Matplotlib — a fundação sobre a qual tudo se apoia
O Matplotlib é a base do plotting em Python. Não é apenas uma biblioteca; é o motor de renderização sobre o qual Seaborn, os padrões do Plotnine, o mplfinance e uma dúzia de outros são construídos. Sua licença é permissiva — oficialmente "baseada na licença PSF" e compatível com BSD, então você pode embuti-lo em um produto proprietário e vendê-lo sem pensar duas vezes (documentação da licença).
Pontos fortes. Controle total. Se você consegue descrever uma marca em uma tela 2D, o Matplotlib consegue desenhá-la, e ele exporta PDF/SVG vetorial nítido para impressão. Está instalado em todo lugar e todo erro que você um dia encontrar já tem uma resposta no Stack Overflow.
Pontos fracos. A API é notoriamente de duas cabeças — uma interface pyplot com estado, no estilo MATLAB, e uma interface orientada a objetos Figure/Axes — e os tutoriais misturam as duas livremente, o que é exatamente a razão de "por que você odeia o matplotlib" ser um gênero próprio. Os padrões são datados, e estilizar um gráfico para parecer moderno leva linhas de código de verdade.
import matplotlib.pyplot as plt
fig, ax = plt.subplots(figsize=(10, 4))
ax.plot(df.index, df["close"], lw=1.2)
ax.set_title("BTC-USD daily close")
fig.savefig("btc.png", dpi=150, bbox_inches="tight")

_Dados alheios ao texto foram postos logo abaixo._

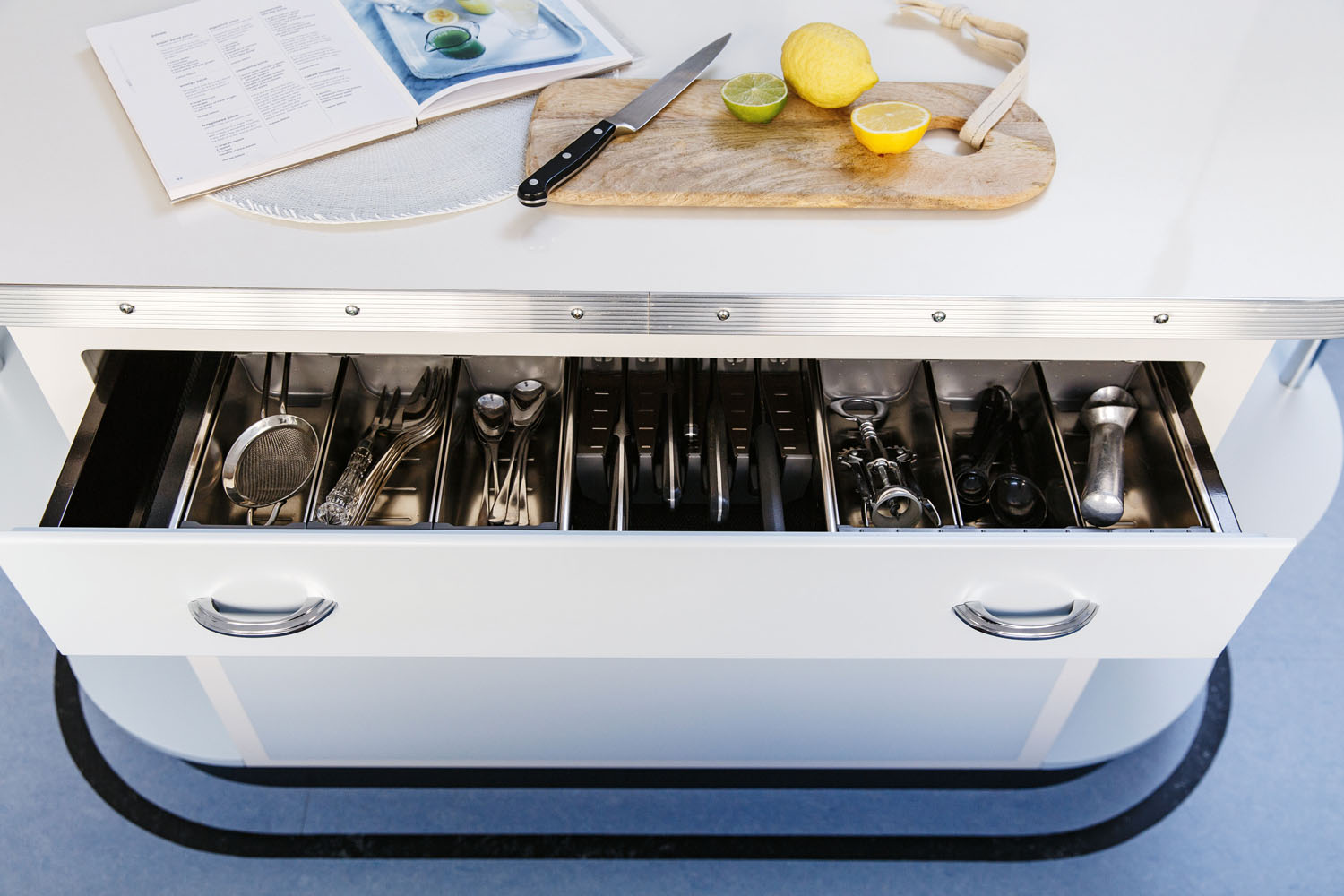 The kitchen space itself was a challenge: long and narrow, with little wall space. Creating the impression of space, while maintaining the appealing retro look, was of upmost importance. Space Craft Joinery allowed for

Use quando precisar de uma figura estática, pronta para impressão, ou estiver construindo uma ferramenta de nível mais alto e quiser uma tela que você controla totalmente.
Seaborn — gráficos estatísticos sem o boilerplate
O Seaborn é uma camada fina e opinativa sobre o Matplotlib (BSD-3-Clause) que transforma dez linhas de manipulação de eixos em uma. Ele "fornece uma interface de alto nível para desenhar gráficos estatísticos atraentes" e se integra fortemente com o pandas — distribuições, regressões, mapas de calor e pequenos múltiplos facetados são todos uma única chamada.
import seaborn as sns
sns.set_theme()
sns.lineplot(data=returns, x="date", y="ret", hue="symbol")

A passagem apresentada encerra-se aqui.